Summary: News of the coming great extinction has the chattering classes agog with fear. But they’re (as usual) looking the wrong way. The rapid evolution of algorithms, software, and robots will make many kinds of jobs as extinct as the Great Auk. This will reshape the world into a wonderland — or unleash disastrous social turmoil. It’s up to us.
The Great Auk, last seen 1852. Lots of jobs will go extinct, just as they did.
Yet another of these coordinated-looking propaganda barrages warn us of the danger. These are all from June 2015…
- WaPo: “Earth is on brink of a sixth mass extinction, scientists say, and it’s humans’ fault“.
- Newsweek: “Sixth Great Extinction Under Way, Scientists Say“.
- An over-the-top alarm from National Geographic: “Will Humans Survive the Sixth Great Extinction?“.

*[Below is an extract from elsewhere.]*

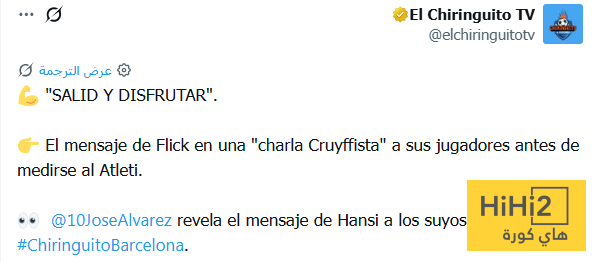 كانت تلك رسالة فليك إلى لاعبيه قبل مواجهة أتلتيكو مدريد المنتظرة ، في إياب ربع نهائي بطولة دوري أبطال أوروبا 2025-2026 ، والتي سيحاول من خلالها الفريق الكتالوني اقتناص الفوز بأكثر من هدفين على أمل التأهل للمربع الذهبي .

These headlines are correct, but about the wrong subject. They are exaggerated speculation based on false claims about damage to the biosphere (e.g., 30 thousand species going extinct each year). The coming great extinction is of jobs. The drumbeat of automated has become background in the news, the unnoticed washing away of the foundation to American society. When it is seen, the job losses are often attributed to corporate oligarchies, free trade, or massive immigration.
It has just begun. To more clearly see this trend I recommend following the few experts charting the path to this new world. Such as Martin Ford.
Traditionally, robots have been in factories, but I think that over the next 10 to 20 years, automation in the form of robots, smart software and machine learning is really going to invade pretty much across the board. It’s going to start impacting jobs at all skill levels. It’s not just going to be about low-wage people who don’t have lots of education. It’s really starting to impact also professional jobs.
… we’re in the midst of a transition where in the past, machines have always been tools that have been used by people and made those people more productive, but increasingly, the technology is really becoming a replacement or a substitute for more and more workers. That’s going to be a huge issue over the coming decade.